_Task objective_
So that the copy stays text only, transcribe the data below exactly and exclude the images.

_Stored data_

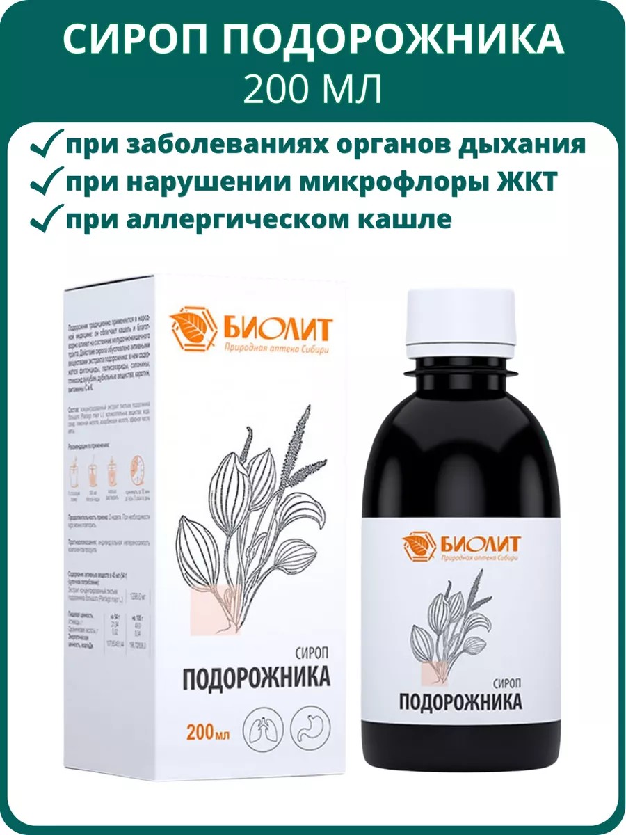 биолит Сироп подорожника, 200 мл
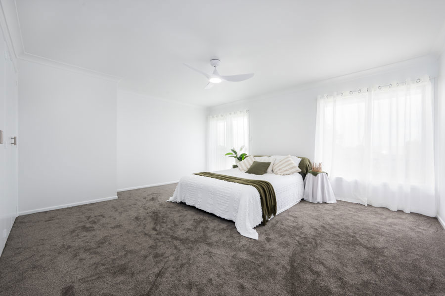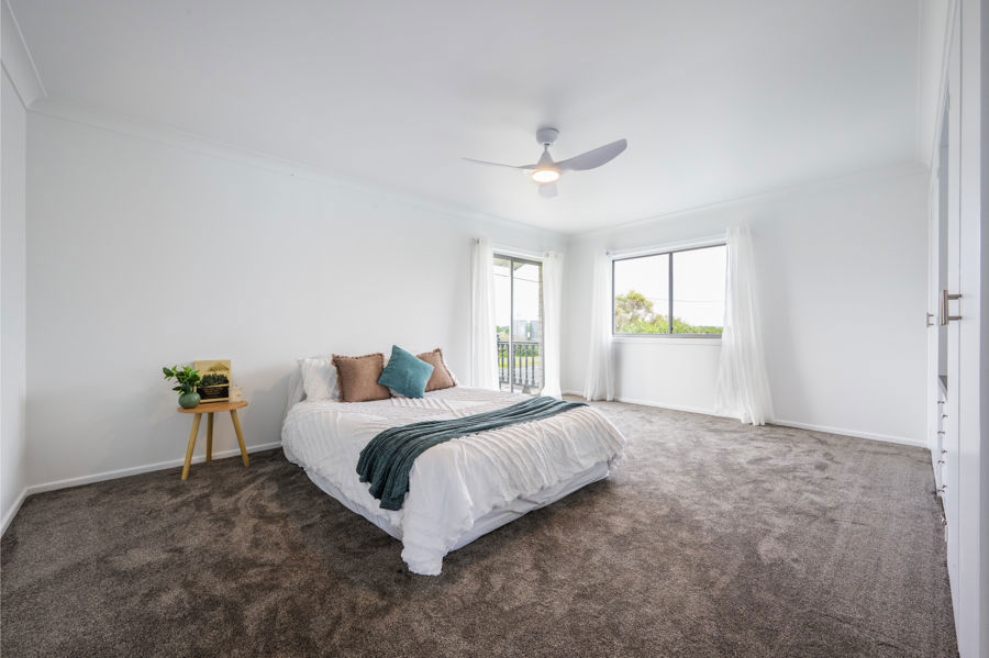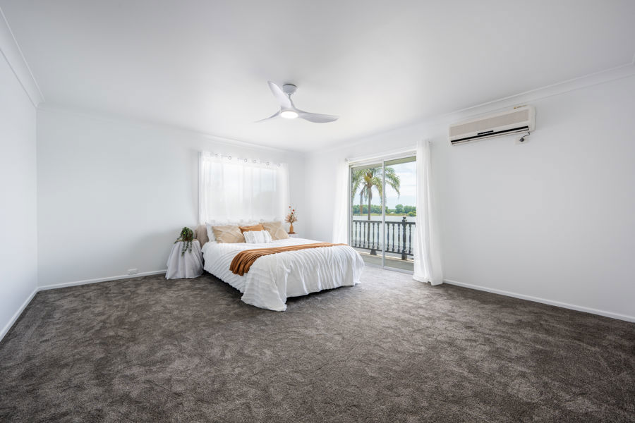 The upper level accommodates five well-proportioned bedrooms, each with built-in robes fitted with beauty stations and new ceiling fans. The main suite enjoys a private ensuite and direct access to the north-facing balcony, where river views stretch endlessly. A dedicated office adjoins the fourth bedroom, ideal for remote work or study.
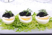 Zdjęcie "jajka z kawiorem czerwonym i czarnym" może być wykorzystywane do celów osobistych i komercyjnych zgodnie z warunkami zakupionej licencji Royalty-free. Obraz jest dostępny do pobrania w jakości wysokiej rozdzielczości do 5760x3840.
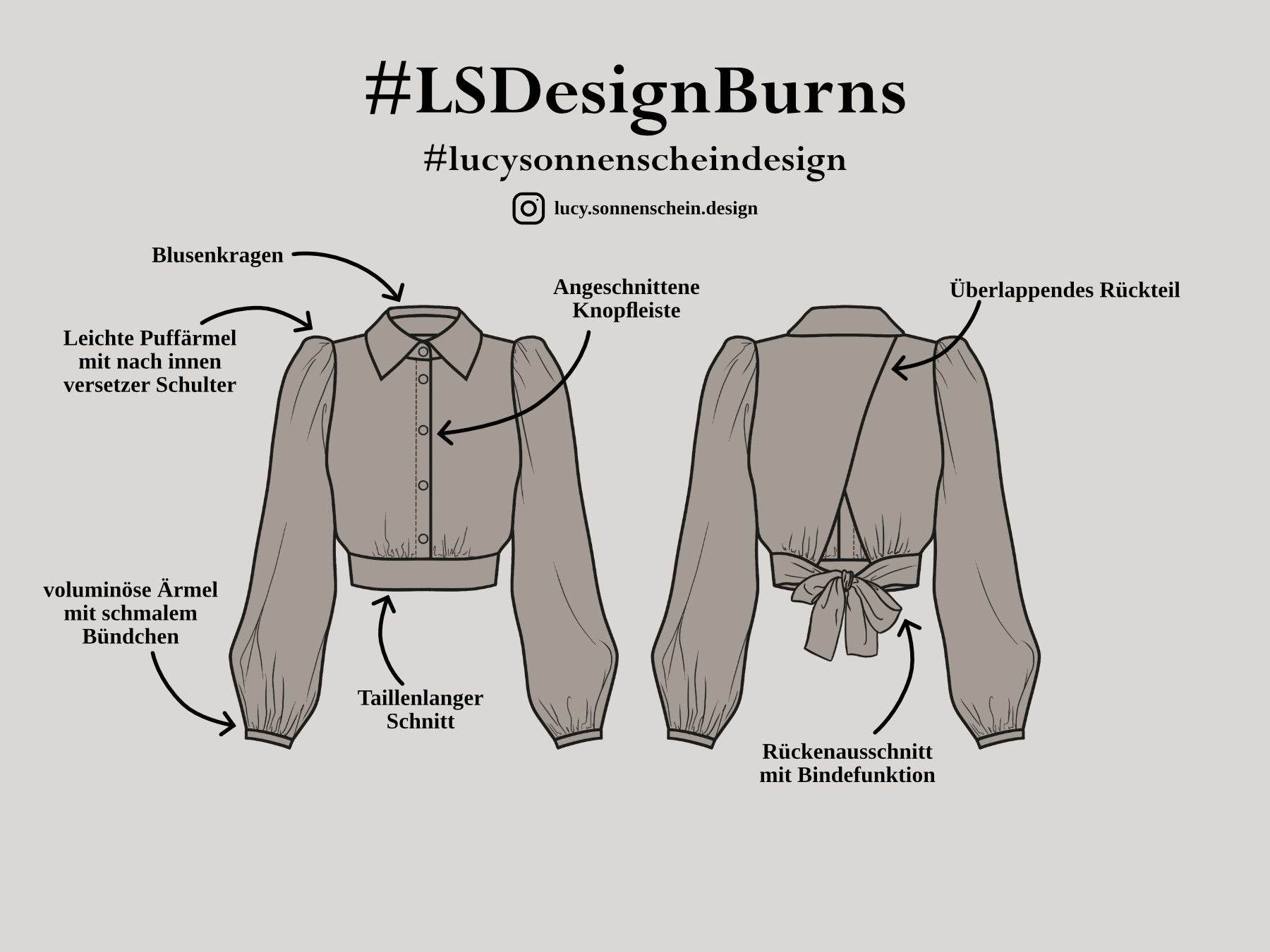 Die Passform der Bluse ist locker geschnitten. Das Schnittmuster ist für unelastische Stoffe ausgelegt.
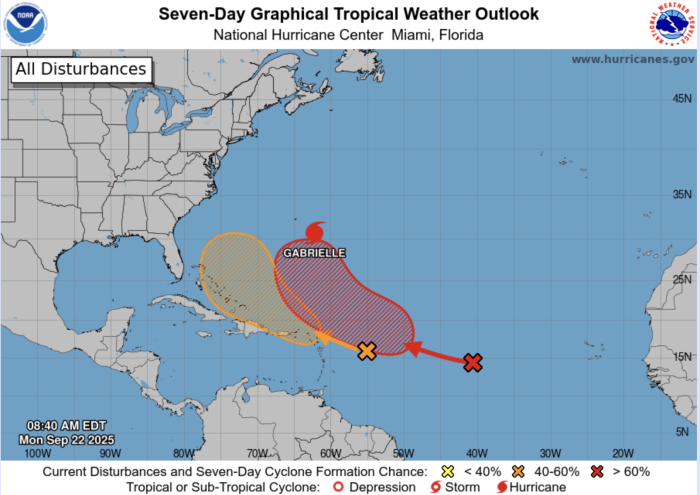 Hurricane Gabrielle’s sustained winds have increased to near 120 mph, which officially makes it a Category 3 hurricane. The estimated minimum central pressure of the storm is 957 mb. Hurricane-force winds extend outward up to 30 miles from the center, and tropical-storm-force winds extend outward up to 140 miles.
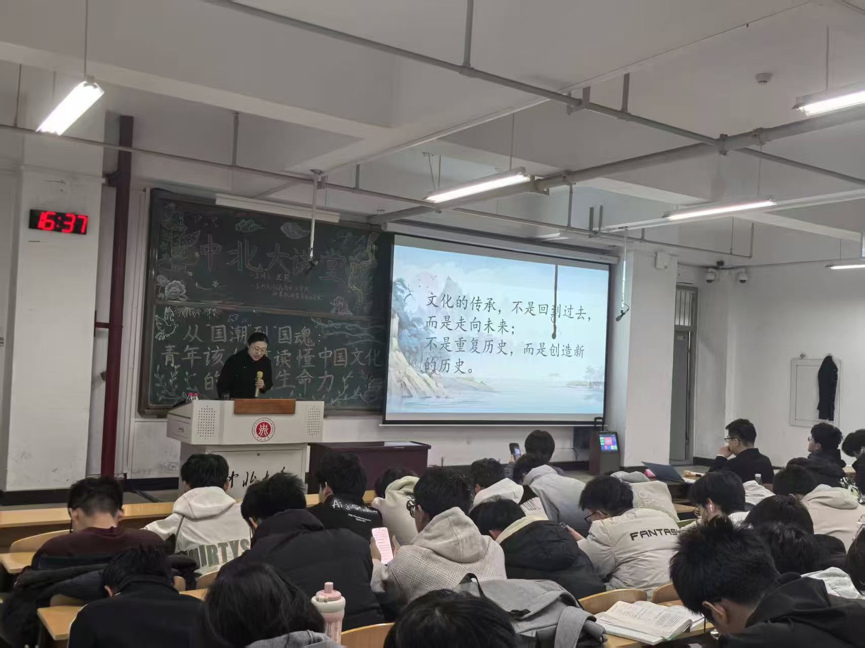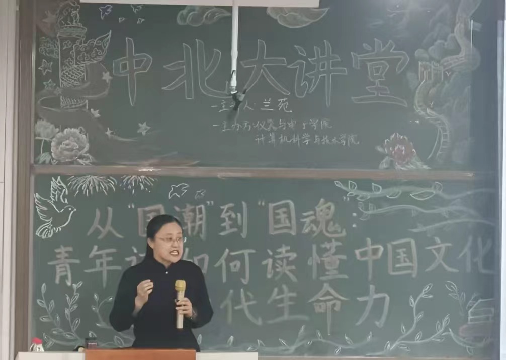 2025年11月21日,由中北大学学生工作部(研究生工作部、武装部)主办,仪器与电子学院、计算机科学与技术学院联合承办的 “中北大讲堂” 在 15106H 教室如期举行。本次活动特邀中共山西省委党校(山西行政学院)文史教研部兰苑教授,以《从“国潮”到“国魂”:青年该如何读懂中国文化的当代生命力》为题,为现场师生带来一场兼具思想深度与实践指导意义的文化分享。
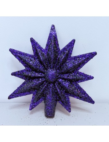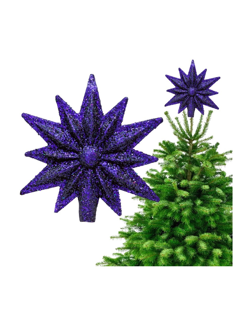 Czubek choinkowy w kształcie 12-ramiennej gwiazdy o wymiarach 17 cm, w ciemno-fioletowym kolorze z brokatem holograficznym. Idealny do dekoracji choinki, dodaje blasku i wyjątkowego stylu, idealnie wpisując się w świąteczną atmosferę.
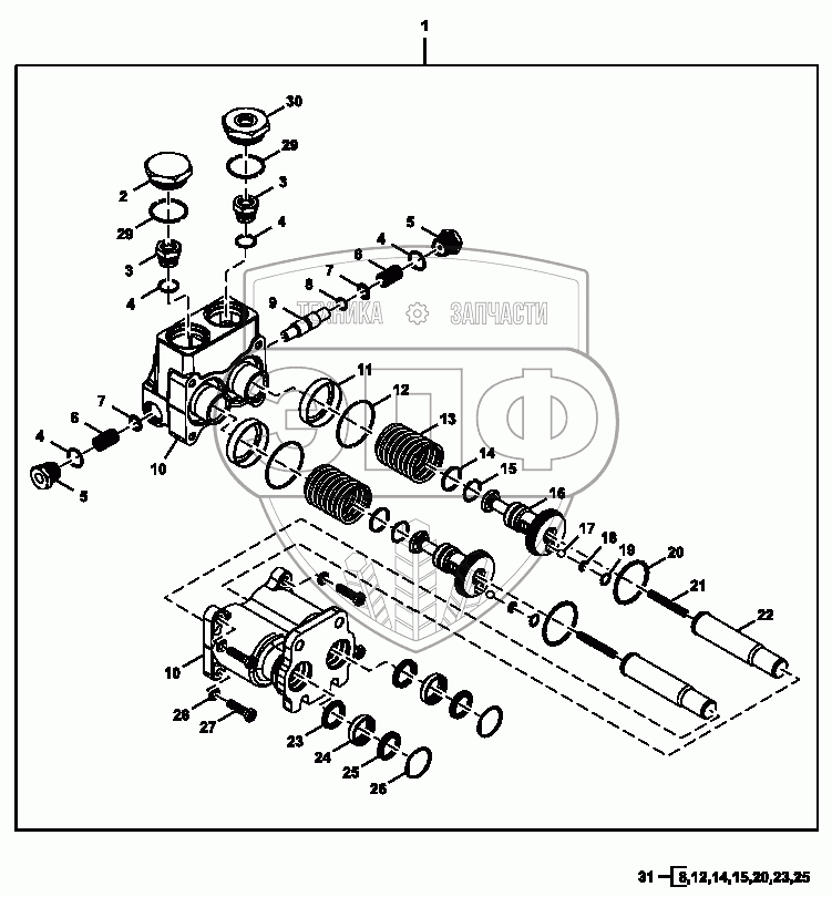 Каталог запасных частей к технике: John Deere JD-325SK. Сборка тормозного клапана
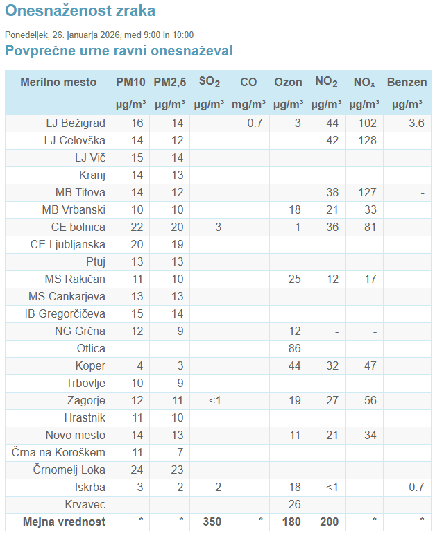 Na merilnih postajah Murska Sobota Cankarjeva je ob 10. uri koncentracija delcev PM10 13 mikrogramov na kubični meter in Murska Sobota Rakičan, kjer so izmerili 11 mikrogramov na kubični meter.

_Answer to the exercise_
 биолит Сироп подорожника, 200 мл
 The upper level accommodates five well-proportioned bedrooms, each with built-in robes fitted with beauty stations and new ceiling fans. The main suite enjoys a private ensuite and direct access to the north-facing balcony, where river views stretch endlessly. A dedicated office adjoins the fourth bedroom, ideal for remote work or study.
 Zdjęcie "jajka z kawiorem czerwonym i czarnym" może być wykorzystywane do celów osobistych i komercyjnych zgodnie z warunkami zakupionej licencji Royalty-free. Obraz jest dostępny do pobrania w jakości wysokiej rozdzielczości do 5760x3840.
 Die Passform der Bluse ist locker geschnitten. Das Schnittmuster ist für unelastische Stoffe ausgelegt.
 Hurricane Gabrielle’s sustained winds have increased to near 120 mph, which officially makes it a Category 3 hurricane. The estimated minimum central pressure of the storm is 957 mb. Hurricane-force winds extend outward up to 30 miles from the center, and tropical-storm-force winds extend outward up to 140 miles.
 2025年11月21日,由中北大学学生工作部(研究生工作部、武装部)主办,仪器与电子学院、计算机科学与技术学院联合承办的 “中北大讲堂” 在 15106H 教室如期举行。本次活动特邀中共山西省委党校(山西行政学院)文史教研部兰苑教授,以《从“国潮”到“国魂”:青年该如何读懂中国文化的当代生命力》为题,为现场师生带来一场兼具思想深度与实践指导意义的文化分享。
 Czubek choinkowy w kształcie 12-ramiennej gwiazdy o wymiarach 17 cm, w ciemno-fioletowym kolorze z brokatem holograficznym. Idealny do dekoracji choinki, dodaje blasku i wyjątkowego stylu, idealnie wpisując się w świąteczną atmosferę.
 Каталог запасных частей к технике: John Deere JD-325SK. Сборка тормозного клапана
 Na merilnih postajah Murska Sobota Cankarjeva je ob 10. uri koncentracija delcev PM10 13 mikrogramov na kubični meter in Murska Sobota Rakičan, kjer so izmerili 11 mikrogramov na kubični meter.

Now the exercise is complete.